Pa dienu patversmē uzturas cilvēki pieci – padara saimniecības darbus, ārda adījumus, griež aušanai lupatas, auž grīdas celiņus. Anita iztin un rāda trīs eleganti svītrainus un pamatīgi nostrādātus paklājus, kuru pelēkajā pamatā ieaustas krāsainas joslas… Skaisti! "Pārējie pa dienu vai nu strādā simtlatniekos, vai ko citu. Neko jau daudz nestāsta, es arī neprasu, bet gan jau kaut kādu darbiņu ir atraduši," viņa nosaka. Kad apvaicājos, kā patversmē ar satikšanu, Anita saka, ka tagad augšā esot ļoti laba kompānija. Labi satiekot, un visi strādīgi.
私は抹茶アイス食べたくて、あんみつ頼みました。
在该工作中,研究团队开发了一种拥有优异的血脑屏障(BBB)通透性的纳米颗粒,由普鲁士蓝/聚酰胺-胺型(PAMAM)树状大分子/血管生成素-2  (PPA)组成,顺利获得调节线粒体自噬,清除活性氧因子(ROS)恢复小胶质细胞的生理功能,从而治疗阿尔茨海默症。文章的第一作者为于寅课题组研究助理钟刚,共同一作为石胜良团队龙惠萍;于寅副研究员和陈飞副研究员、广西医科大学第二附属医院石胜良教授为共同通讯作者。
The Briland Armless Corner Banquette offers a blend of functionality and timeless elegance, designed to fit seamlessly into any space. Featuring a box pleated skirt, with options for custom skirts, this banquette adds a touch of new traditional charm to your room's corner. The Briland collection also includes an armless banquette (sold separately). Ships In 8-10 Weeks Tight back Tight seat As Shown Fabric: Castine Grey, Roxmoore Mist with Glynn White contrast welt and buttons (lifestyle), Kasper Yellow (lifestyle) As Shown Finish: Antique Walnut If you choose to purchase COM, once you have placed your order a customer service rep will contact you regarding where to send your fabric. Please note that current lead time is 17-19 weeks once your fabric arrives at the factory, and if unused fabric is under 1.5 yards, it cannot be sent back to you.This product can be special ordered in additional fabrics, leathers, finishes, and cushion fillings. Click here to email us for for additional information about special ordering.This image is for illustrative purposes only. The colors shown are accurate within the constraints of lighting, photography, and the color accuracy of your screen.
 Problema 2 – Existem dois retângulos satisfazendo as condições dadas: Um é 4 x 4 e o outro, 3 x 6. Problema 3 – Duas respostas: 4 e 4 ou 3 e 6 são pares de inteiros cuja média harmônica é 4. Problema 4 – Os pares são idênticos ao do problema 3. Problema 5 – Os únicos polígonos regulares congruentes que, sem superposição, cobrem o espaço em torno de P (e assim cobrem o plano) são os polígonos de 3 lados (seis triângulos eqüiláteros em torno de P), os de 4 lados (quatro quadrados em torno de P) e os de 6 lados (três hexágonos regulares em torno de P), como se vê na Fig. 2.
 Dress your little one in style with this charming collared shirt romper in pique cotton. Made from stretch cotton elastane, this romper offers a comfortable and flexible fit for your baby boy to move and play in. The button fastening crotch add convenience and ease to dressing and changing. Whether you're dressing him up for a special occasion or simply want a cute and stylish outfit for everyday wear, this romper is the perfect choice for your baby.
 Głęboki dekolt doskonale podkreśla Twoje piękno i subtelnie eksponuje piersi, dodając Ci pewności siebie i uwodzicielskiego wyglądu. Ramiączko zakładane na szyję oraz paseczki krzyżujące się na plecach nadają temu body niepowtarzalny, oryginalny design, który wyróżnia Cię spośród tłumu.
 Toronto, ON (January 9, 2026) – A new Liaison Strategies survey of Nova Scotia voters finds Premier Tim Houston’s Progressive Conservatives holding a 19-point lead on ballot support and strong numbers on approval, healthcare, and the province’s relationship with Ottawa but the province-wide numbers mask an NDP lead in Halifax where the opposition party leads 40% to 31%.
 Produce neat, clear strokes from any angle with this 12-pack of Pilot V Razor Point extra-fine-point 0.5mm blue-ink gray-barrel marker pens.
++++++++
* **The task**: Of the entries above, repeat exactly the lines between the line with "私は抹茶アイス食べたくて、あんみつ頼みました。" and the line with "在该工作中,研究团队开发了一", inclusive, and no others.

* **Written answer**:
私は抹茶アイス食べたくて、あんみつ頼みました。
在该工作中,研究团队开发了一种拥有优异的血脑屏障(BBB)通透性的纳米颗粒,由普鲁士蓝/聚酰胺-胺型(PAMAM)树状大分子/血管生成素-2  (PPA)组成,顺利获得调节线粒体自噬,清除活性氧因子(ROS)恢复小胶质细胞的生理功能,从而治疗阿尔茨海默症。文章的第一作者为于寅课题组研究助理钟刚,共同一作为石胜良团队龙惠萍;于寅副研究员和陈飞副研究员、广西医科大学第二附属医院石胜良教授为共同通讯作者。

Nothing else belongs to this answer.